Thursday, June 20, 2019


Why backups are important.
Florida City Pays $600,000 Ransom to Save Computer Records
The Riviera Beach City Council voted unanimously this week to pay the hackers’ demands, believing the Palm Beach suburb had no choice if it wanted to retrieve its records, which the hackers encrypted. The council already voted to spend almost $1 million on new computers and hardware after hackers captured the city’s system three weeks ago.
The hackers apparently got into the city’s system when an employee clicked on an email link that allowed them to upload malware. Along with the encrypted records, the city had numerous problems including a disabled email system, employees and vendors being paid by check rather than direct deposit and 911 dispatchers being unable to enter calls into the computer.
She conceded there are no guarantees that once the hackers received the money they will release the records. The payment is being covered by insurance.




You might think that government agencies would understand the laws and regulations they operate under. I stopped thinking that years ago.
Government error delays online pornography age-check scheme
An age-check scheme designed to stop under-18s viewing pornographic websites has been delayed a second time.
The changes - which mean UK internet users may have to prove their age - were due to start on 15 July after already being delayed from April 2018.
The culture secretary confirmed the postponement saying the government had failed to tell European regulators about the plan.
Completing the notification process could take up to six months. [So this is not a trivial process. Bob]




Some interesting statements.
Law Libraries Embracing AI
Craigle, Valeri, Law Libraries Embracing AI (2019). Law Librarianship in the Age of AI, (Ellyssa Valenti, Ed.), 2019, Forthcoming; University of Utah College of Law Research Paper. Available at SSRN: https://ssrn.com/abstract=3381798 or http://dx.doi.org/10.2139/ssrn.3381798
The utilization of AI provides insights for legal clients, future-proofs careers for attorneys and law librarians, and elevates the status of the information suite. AI training in law schools makes students more practice-ready in an increasingly tech-centric legal environment; Access to Justice initiatives are embracing AI’s capabilities to provide guidance to educational resources and legal services for the under-represented.
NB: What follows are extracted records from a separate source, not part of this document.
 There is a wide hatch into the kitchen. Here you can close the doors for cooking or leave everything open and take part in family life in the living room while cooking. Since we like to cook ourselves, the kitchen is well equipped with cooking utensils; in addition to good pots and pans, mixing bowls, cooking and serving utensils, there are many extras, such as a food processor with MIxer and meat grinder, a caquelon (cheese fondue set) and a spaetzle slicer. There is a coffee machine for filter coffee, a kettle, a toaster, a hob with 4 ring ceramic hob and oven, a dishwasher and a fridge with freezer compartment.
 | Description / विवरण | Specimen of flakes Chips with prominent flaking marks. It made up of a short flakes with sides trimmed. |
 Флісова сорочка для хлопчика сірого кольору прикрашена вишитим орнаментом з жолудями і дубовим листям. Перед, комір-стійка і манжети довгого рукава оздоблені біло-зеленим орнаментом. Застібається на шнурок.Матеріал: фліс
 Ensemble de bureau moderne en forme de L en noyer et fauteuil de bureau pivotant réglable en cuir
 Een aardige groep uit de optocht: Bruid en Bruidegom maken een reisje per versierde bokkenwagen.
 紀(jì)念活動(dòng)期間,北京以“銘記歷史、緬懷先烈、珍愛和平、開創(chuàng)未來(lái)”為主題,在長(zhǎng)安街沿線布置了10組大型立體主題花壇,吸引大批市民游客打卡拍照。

AI’s presence in the legal community is becoming so common that it can no longer been seen as an anomaly, or even cutting edge. Some even argue that its absence in law firms will eventually be akin to malpractice. This chapter explores some practical uses of AI in legal education and law firms, with a focus on professionals who have gone beyond the role of AI consumers to that of AI developers, data curators and system designers…”
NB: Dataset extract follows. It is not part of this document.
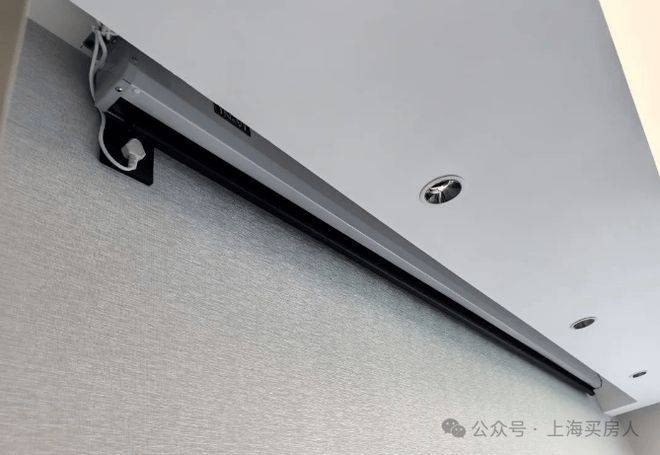 我们有听说配备电视背景墙的,但应该全上海都没听说过标配投影幕布的吧——时代乐章全屋预留投影仪卡槽点位、装配电机及投影幕布,避免后期自行装修破坏墙面,投影也是年轻人更能接受的生活方式;同时,客厅空间也显得更大更实用,背景墙+电视的搭配相对更厚重一些。
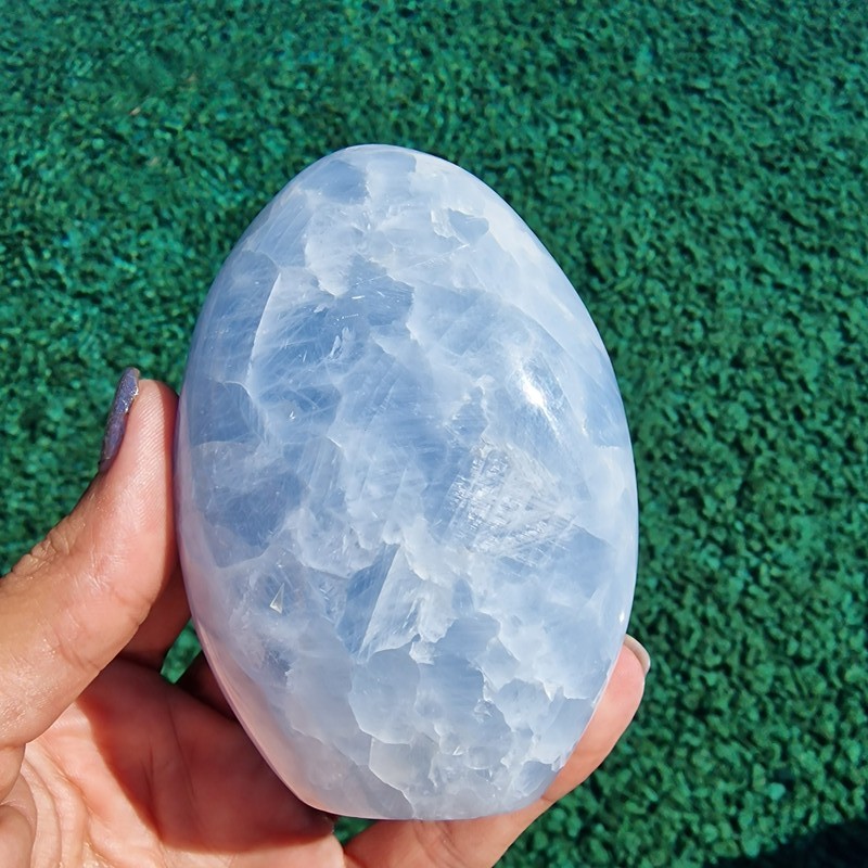 A kék kalcit a kommunikáció, belső béke és stresszoldás köveként ismert. Segíthet lecsillapítani az elmét, fokozza az önkifejezést és támogatja a nyugodt, kiegyensúlyozott gondolkodást. Ideális választás meditációhoz, energiagyógyászathoz vagy egyszerűen otthoni dekorációként, ahol harmonikus rezgései érvényesülhetnek.

A field I should encourage my students to consider? It seems to attract a lot of money…
Stephen Schwarzman gives $188 million to Oxford to research AI ethics
Stephen Schwarzman, the billionaire founder of investment firm Blackstone, has given the University of Oxford its largest single donation in hundreds of years to help fund research into the ethics of artificial intelligence.
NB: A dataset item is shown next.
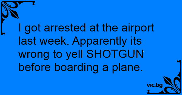 I got arrested at the airport last week. Apparently its wrong to yell SHOTGUN before boarding a plane.
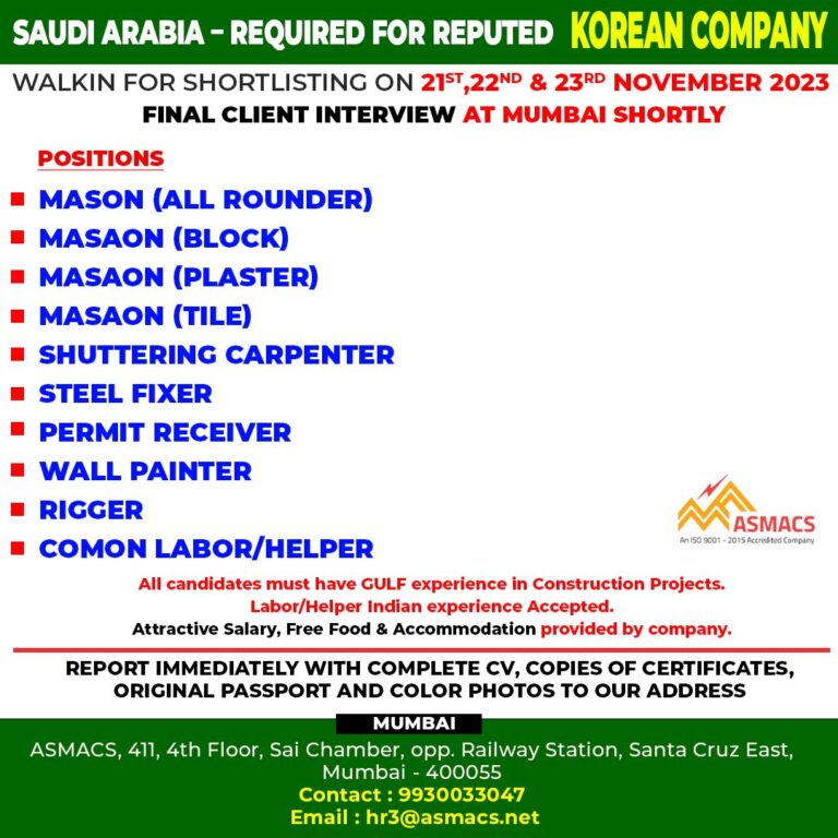 SAUDI ARABIA – REQUIRED FOR REPUTED KOREAN COMPANYWALKIN FOR SHORTLISTING ON 21ST,22ND & 23RD NOVEMBER 2023FINAL CLIENT INTERVIEW AT MUMBAI …

The £150 million ($188 million) contribution will fund an academic institute bearing the investor's name, the British university announced Wednesday.
The Stephen A. Schwarzman Centre for the Humanities will bring together all of Oxford's humanities programs under one roof — including English, history, linguistics, philosophy and theology and religion. It will also house a new Institute for Ethics in AI, which will focus on studying the ethical implications of artificial intelligence and other new technology. The institute is expected to open by 2024.
He made a $350 million gift to the Massachusetts Institute of Technology last year to set up the MIT Schwarzman College of Computing, which aims to "address the opportunities and challenges presented by the rise of artificial intelligence" including its ethical and policy implications.